> **EXCERPTED RECORDS**:
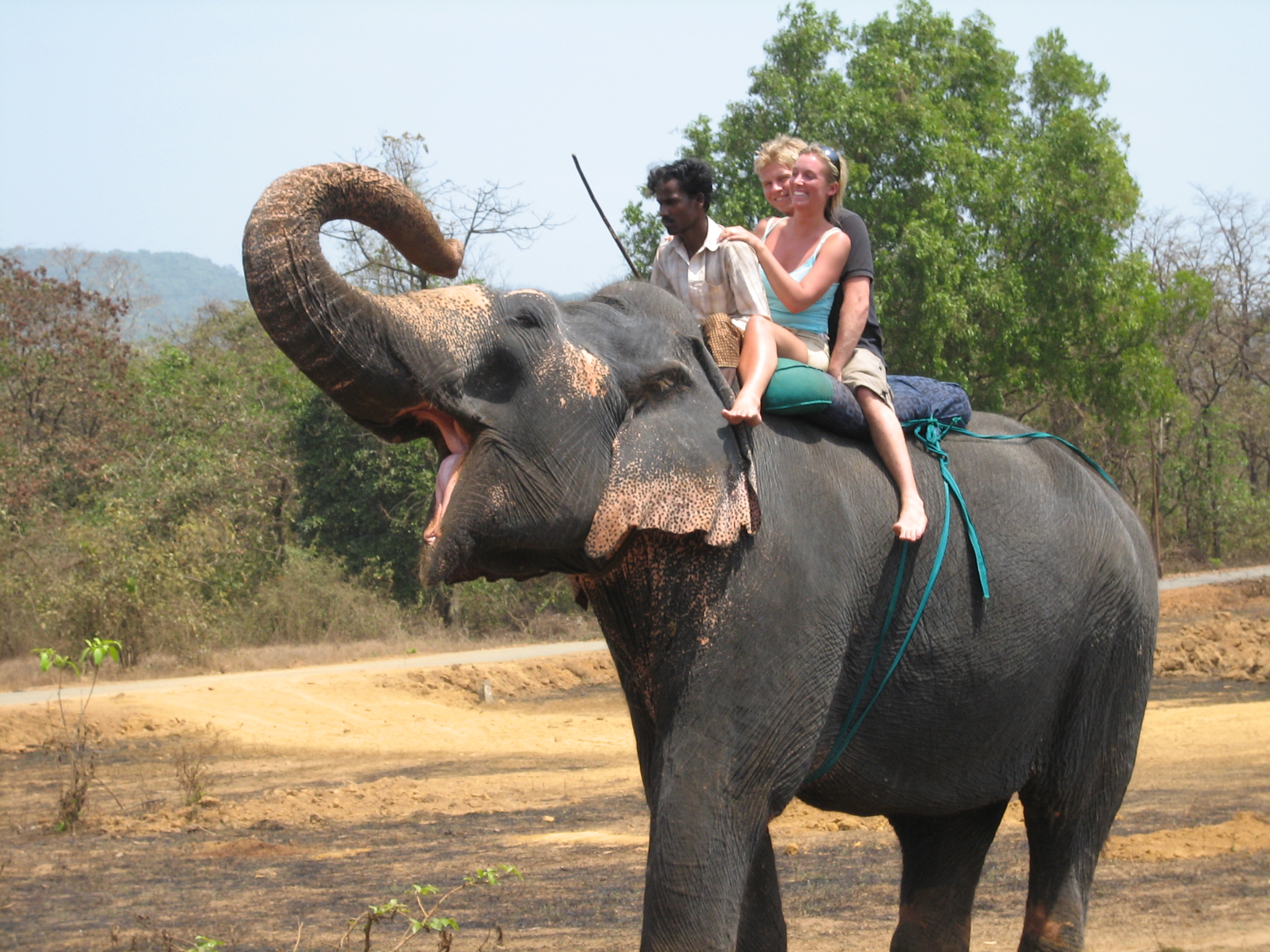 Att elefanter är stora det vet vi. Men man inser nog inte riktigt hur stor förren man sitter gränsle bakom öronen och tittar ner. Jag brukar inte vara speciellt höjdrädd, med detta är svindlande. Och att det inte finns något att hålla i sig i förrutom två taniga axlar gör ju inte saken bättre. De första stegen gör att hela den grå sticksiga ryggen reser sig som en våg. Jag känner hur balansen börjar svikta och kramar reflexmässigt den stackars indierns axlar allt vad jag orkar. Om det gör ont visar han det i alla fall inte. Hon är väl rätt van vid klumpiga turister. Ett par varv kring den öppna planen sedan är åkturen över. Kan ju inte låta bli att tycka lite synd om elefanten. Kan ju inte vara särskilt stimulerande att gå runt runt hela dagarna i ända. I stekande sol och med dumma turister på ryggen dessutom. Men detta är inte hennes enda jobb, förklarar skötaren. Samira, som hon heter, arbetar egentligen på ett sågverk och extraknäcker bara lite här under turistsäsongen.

* * *

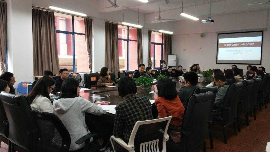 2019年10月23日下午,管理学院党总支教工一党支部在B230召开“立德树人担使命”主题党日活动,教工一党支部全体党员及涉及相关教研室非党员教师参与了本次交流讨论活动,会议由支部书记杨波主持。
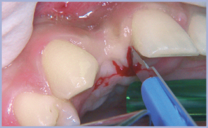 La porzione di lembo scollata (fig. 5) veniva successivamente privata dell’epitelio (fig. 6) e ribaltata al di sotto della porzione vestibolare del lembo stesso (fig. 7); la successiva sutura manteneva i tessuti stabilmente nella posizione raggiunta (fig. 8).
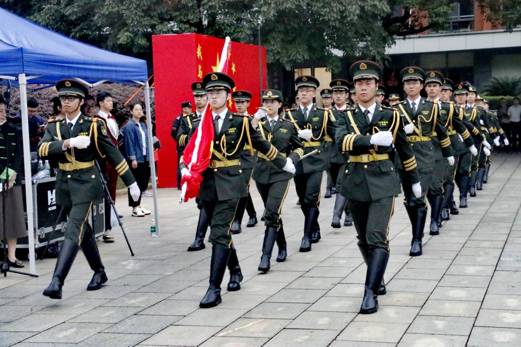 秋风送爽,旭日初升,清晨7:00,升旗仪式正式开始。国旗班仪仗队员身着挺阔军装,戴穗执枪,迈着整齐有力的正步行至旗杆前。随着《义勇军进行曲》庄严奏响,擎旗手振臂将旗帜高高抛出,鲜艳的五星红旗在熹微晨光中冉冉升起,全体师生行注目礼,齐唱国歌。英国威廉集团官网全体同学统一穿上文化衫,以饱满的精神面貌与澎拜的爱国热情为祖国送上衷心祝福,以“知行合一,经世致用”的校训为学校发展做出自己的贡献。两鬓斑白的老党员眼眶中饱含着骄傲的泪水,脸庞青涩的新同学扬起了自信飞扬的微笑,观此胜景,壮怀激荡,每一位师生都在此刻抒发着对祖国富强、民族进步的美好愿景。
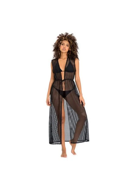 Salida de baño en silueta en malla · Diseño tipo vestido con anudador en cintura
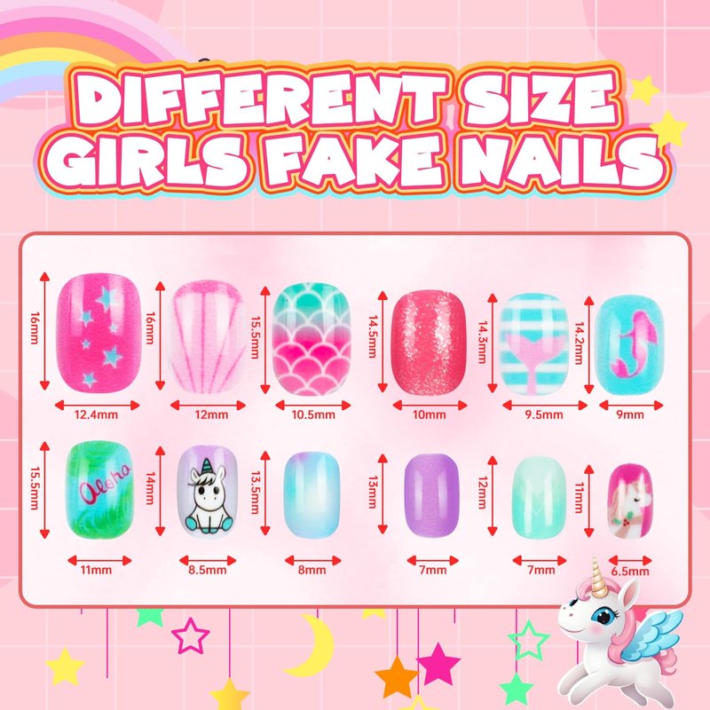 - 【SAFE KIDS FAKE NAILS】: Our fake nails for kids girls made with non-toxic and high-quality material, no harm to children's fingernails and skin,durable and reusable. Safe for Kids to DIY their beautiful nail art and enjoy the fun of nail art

* * *

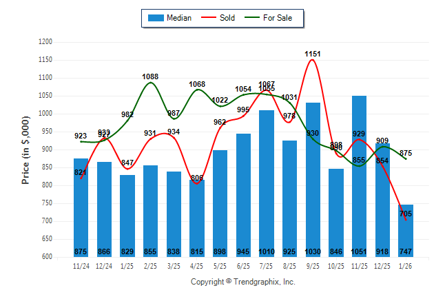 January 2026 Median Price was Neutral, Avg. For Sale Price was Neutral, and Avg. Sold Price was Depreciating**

> **WHAT NEEDS TO BE DONE**: In the records above, everything from the line with "2019年10月23日下午,管理学院党总" down to the line with "- 【SAFE KIDS" is to be set down exactly, both ends included, with no pictures and no other lines.

> **ANSWER SECTION**:
 2019年10月23日下午,管理学院党总支教工一党支部在B230召开“立德树人担使命”主题党日活动,教工一党支部全体党员及涉及相关教研室非党员教师参与了本次交流讨论活动,会议由支部书记杨波主持。
 La porzione di lembo scollata (fig. 5) veniva successivamente privata dell’epitelio (fig. 6) e ribaltata al di sotto della porzione vestibolare del lembo stesso (fig. 7); la successiva sutura manteneva i tessuti stabilmente nella posizione raggiunta (fig. 8).
 秋风送爽,旭日初升,清晨7:00,升旗仪式正式开始。国旗班仪仗队员身着挺阔军装,戴穗执枪,迈着整齐有力的正步行至旗杆前。随着《义勇军进行曲》庄严奏响,擎旗手振臂将旗帜高高抛出,鲜艳的五星红旗在熹微晨光中冉冉升起,全体师生行注目礼,齐唱国歌。英国威廉集团官网全体同学统一穿上文化衫,以饱满的精神面貌与澎拜的爱国热情为祖国送上衷心祝福,以“知行合一,经世致用”的校训为学校发展做出自己的贡献。两鬓斑白的老党员眼眶中饱含着骄傲的泪水,脸庞青涩的新同学扬起了自信飞扬的微笑,观此胜景,壮怀激荡,每一位师生都在此刻抒发着对祖国富强、民族进步的美好愿景。
 Salida de baño en silueta en malla · Diseño tipo vestido con anudador en cintura
 - 【SAFE KIDS FAKE NAILS】: Our fake nails for kids girls made with non-toxic and high-quality material, no harm to children's fingernails and skin,durable and reusable. Safe for Kids to DIY their beautiful nail art and enjoy the fun of nail art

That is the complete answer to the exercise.